Arthur E. Wise, author of Legislated Learning, is the social scientist whose earlier book, Rich Schools, Poor Schools: The Promise of Equal Educational Opportunity, was in large measure responsible for the New Jersey Supreme Court's 1972 ruling in Robinson v. Cahill, which mandated equity in school expenditures so that all public schools could provide the same educational opportunities for all the state's children regardless of a school's location. And now that this principle of financial equity has been accepted nationwide by public school bureaucrats, legislatures have shifted their attention to the more difficult area of educational content.
It's easy enough to slice the money pie so that each school gets its equitable share. But how do you determine what an "equal educational opportunity" is? You first have to define "educational opportunity." And once you do that you have to legislate it into existence. Which is what is happening all over the country as state lawmakers mandate educational achievement through minimum competency requirements and other such policies to ensure that high school graduates can read, write, and do simple math. The result, according to Wise, is the "bureaucratization of the American classroom."
So what else is new? "Success in solving problems of equity," Wise writes, "is encouraging policy makers and those who appeal to them to try to solve problems of productivity as well.…Productivity questions are intrinsically more difficult than equity questions because they arise not out of a political impasse but from a fundamental lack of knowledge about how to teach." What an admission of failure! The State has had a virtual monopoly on teacher training for over a hundred years and it still doesn't know how to teach! No wonder the nation is becoming illiterate. And no wonder the lawmakers are mandating that public school teachers teach the basics. But what is mind-boggling is that laws should be needed at all requiring that teachers do the job they've supposedly been hired to do.
Wise's assumption that there is "a fundamental lack of knowledge about how to teach" is symptomatic of the narrow vision characteristic of so many of these social scientists. Hasn't he ever heard of Rudolph Flesch or a dozen other critics of modern pedagogy? The simple fact is there is no lack of knowledge about how to teach the basics. But there is a tremendous resistance among professors of education in recognizing that knowledge. I wrote of this at length in my own study of the reading instruction problem, The New Illiterates, published in 1973. But the establishment social scientist lives in the narrow, rigid world of public agencies where knowledge is not recognized unless it is generated within the fraternity and within a conformist range of scholarship. To do otherwise is to invite ostracism.
Wise accepts State education unquestioningly. His concern is with the future shape that bureaucratization will take.
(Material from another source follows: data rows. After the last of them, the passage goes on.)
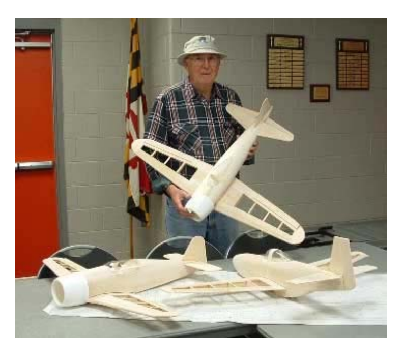
March 2005. The Jim Snyder Airplanes With an Attitude Mfg. Co.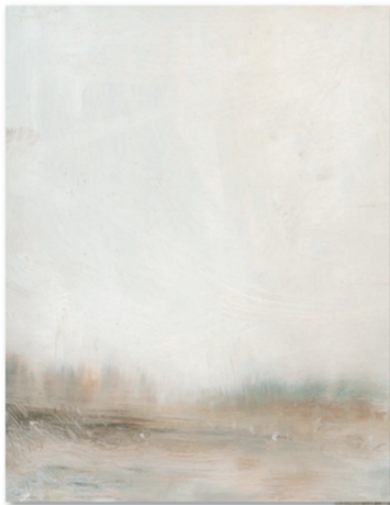
LARGE NEUTRAL ABSTRACT ART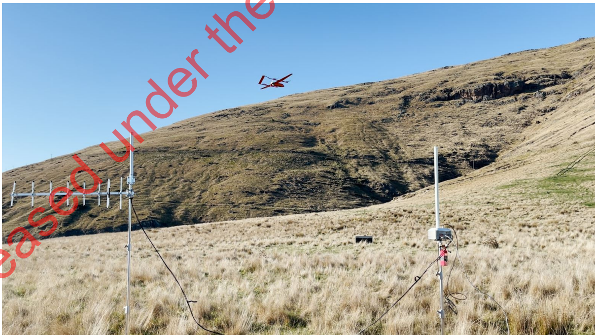
Figure 3 - Drone and Ground Control Station Equipment

Maui63 estimates that the whole area surveyed in approximately 90 minutes. The flight would generate approximately 1700 photos which could be analysed and uploaded to the marine management platform.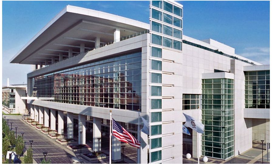
MCCORMICK PLACE. AAO 2022 will take place Sept. 30 through Oct. 3 at McCormick Place in Chicago. The convention center has achieved GBAC STAR Facilities Accreditation for cleaning, disinfection, and infectious disease prevention practices.

For Academy and AAOE members, registration and ticket sales open on June 15, as does the hotel reservation system. Nonmembers can register and book a hotel room starting June 29.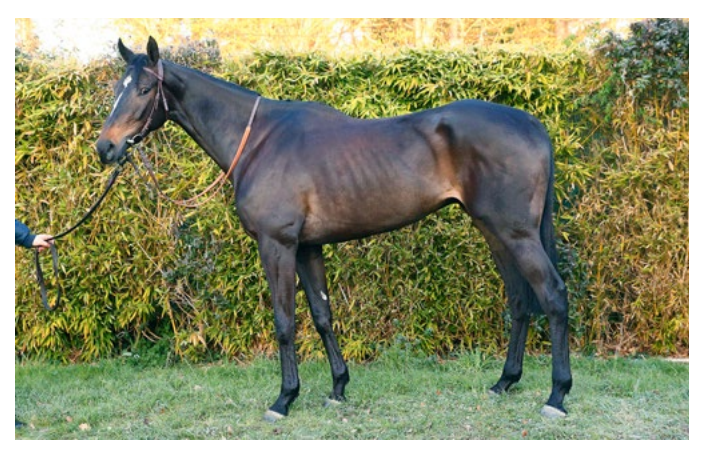
Goas Mat ( Racinger ), who will be offered by Auctav on Friday.

Auctav is hosting a flash sale on Friday, 16th April, when it will offer just one lot.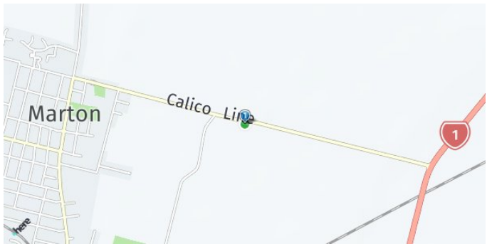
Address Line 1, State/Province, and Postcode are required. Country must be New Zealand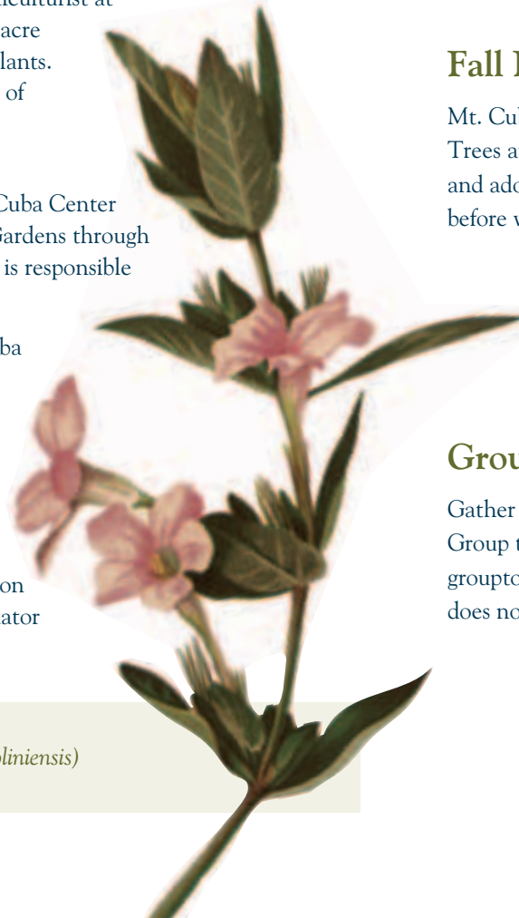
Carolina petunia ( Ruellia caroliniensis )

Gather your group for a special two-hour experience in the gardens. Group tours can be scheduled for groups of 10 or more. Email us at grouptours@mtcubacenter.org or call 302.239.4244. Our website does not accommodate group tour registration.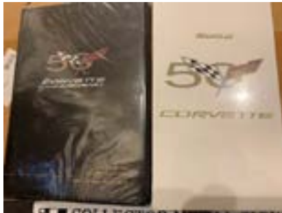
Original VHS Cassette & DVD 50 th Anniversary Corvette New in original shrink wrap. Make an offer.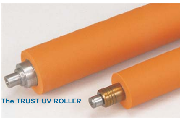
The TRUST UV ROLLER

The newest UV roller technology is now available in North America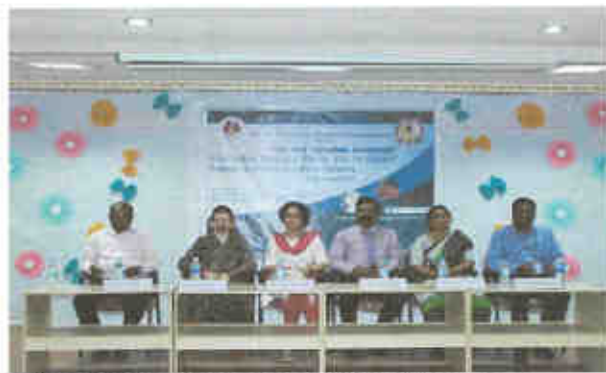
Inaugural function of the Workshop

The workshop gave an outline about IPR in the pharmaceutical profession and health care sector. The special provisions of patents and also the exclusions applicable in the Pharma area were discussed.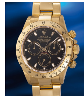
1045 Rolex 勞力士，「Cosmograph Dayton... 估價 HK$230,000 — 460,000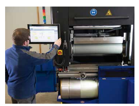
Easy operation for higher yield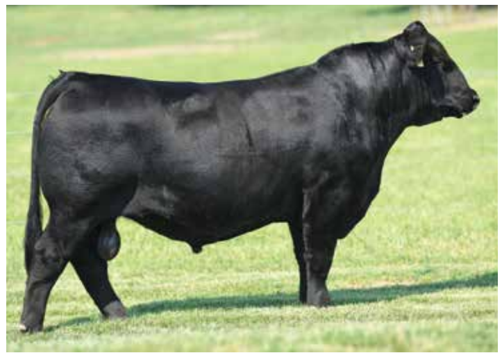
HBRL DELUXE PACKAGE 6114D | SIRE OF LOT 9

This young herd-sire prospect has the look—a strong top, capacious center body and a structural design that will keep him sound in production for years. He has all the power you could want in a bull his age and it makes him an even more impressive individual to take note of for sale day. AUTO 750F is a 71% Lim-Flex son of HBRL Deluxe Package 6114D. He is homozygous black and homozygous polled. This is an individual to take note of sale day.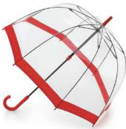
4. Red - 50 20815 020517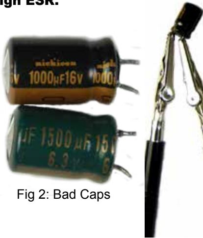
Fig 2: Bad Caps

We know the capacitors in figure 2 are bad because we can see they are puffed out the top . Let's confirm the 1000uf 16v is bad. ESR test results from the Capacitor Wizard® (Fig 4) show 2 ohms. We would expect a good 1000uf 16v capacitor to test below 0.5 Ohms. This part is BAD due to high ESR.

He is afraid that the trend toward legislated learning will tend to centralize the control of educational policy in the hands of the central government. He thinks that this will "cast the welfare of the individual as subordinate to the welfare of the state." Congratulations. It's nice to know that even some establishment insiders are beginning to recognize the inevitable negative consequences of statism.
Samuel Blumenfeld is a free-lance writer and the author of several books on education.